No such car is listed in the definitive "Alfa Romeo: Tutte Le Vetture Dal 1910" by Luigi Fusi. There were certainly performance variants of the Guilietta Spider ... in 1956/1957 there was the Guilietta Spider Normale, with one carburetor, and Veloce, with dual Weber carburetors. The high-performance Veloce version made 90 hp and had a 5 speed transmission.

Here's ahttp://www.carsfromitaly.com/alfaromeo/index.html referring to these cars.

Luigi Fusi lists all the cars manufactured by Alfa Romeo, he is the definitive source. There were many racing variants, but nothing called a "Guilietta Super Spider". There is no "y" in the Italian alphabet.

I suppose you meant a "balky" gearshift into 2nd gear, not a "bulky" gear. Pardon my mistake, derivative of your inept use of the english language.

Godfrey

On Apr 18, 2005, at 3:38 PM, Graywolf wrote:

You, know what, you are very authoritive about everything. And mostly you do not know what you are talking about. I had made the decision not to reply to any of your posts in the past. I forgot. I will not do so in the future. Kids!

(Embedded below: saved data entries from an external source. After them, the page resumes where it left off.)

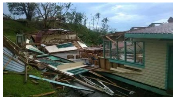
Cyclone Winston hit Fiji on 20 February and caused serious damage to Saint Vincent's College in Natovi, on Viti Levu, and major disruption to classes.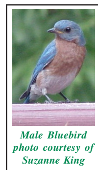
Male Bluebird

A. There are lots of possible answers to this question, but one that we recently spoke with a customer about was the use of "chemicals" in her yard. She appeared to be doing everything right but did admit that they had a lawn service. She admitted that they treated for grubs and worms to keep the moles out. Bluebirds like most birds require access to lots of insects to raise their hungry young. Resist the use of any pesticides if you want to make your yard truly bird friendly.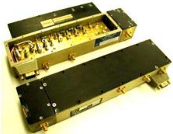
Limiter and Discriminator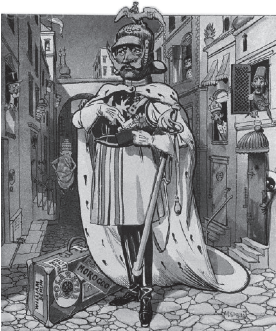
A British cartoon published in 1905. The caption to this cartoon read 'The Morocco Crisis: Let men see - whom shall I call on next?'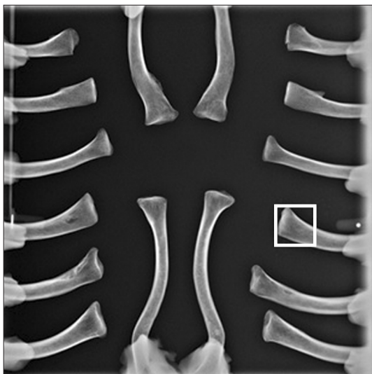
Fig. 1. The radiographs of 8 pairs clavicular samples, red box= 3 \times 3 cm 2 region of interest.

CNN which excels at image classification were used in this study [16]. A pre-trained network called GoogLeNet was adopted to minimize training duration and reduce the need for large amount of training data [17]. The loss3-classifier and output classification layer of the network were substituted with 'Fully connected layer' and 'The final class output'. Other parameters were adjusted based on data set characteristics. MATLAB R2021b (MathWorks, Natick, MA, USA) were used as the main platform of this study.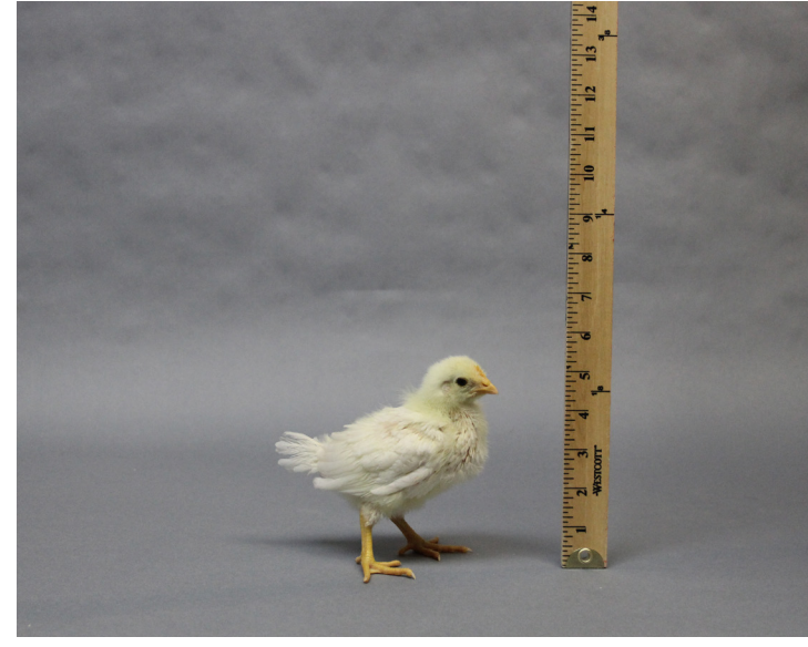
Week 2 Primary feathers start growing on their body and tail.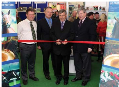
Opening the ITBA Trade Fair 2008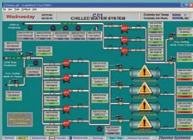
A Thermo Systems Water Chiller Screen

Thermo Systems applications include validated pharmaceutical HVAC systems.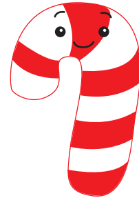
A sad candy cane

What's red, white and blue at Christmas time?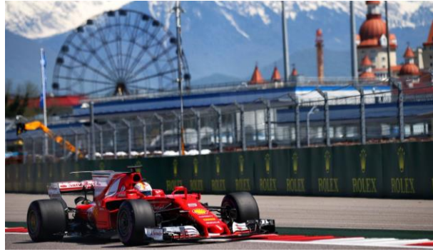
Formula 1 Sochi

For others who may be interested, the AR Guilietta Super Spyder (or Spider, it means roadster in any case) was the most highly tuned of the roadsters, 1300cc, 135hp, dual webers, ('56/'57 here in the US) basically the racing version. It had a 5 speed german made DB gearbox and every one I ever drove (about 5 of them, none of them new when I drove them) had a bulky shift into second gear, up or down, hence my comment.
graywolf
http://www.graywolfphoto.com
"Idiot Proof" <==> "Expert Proof"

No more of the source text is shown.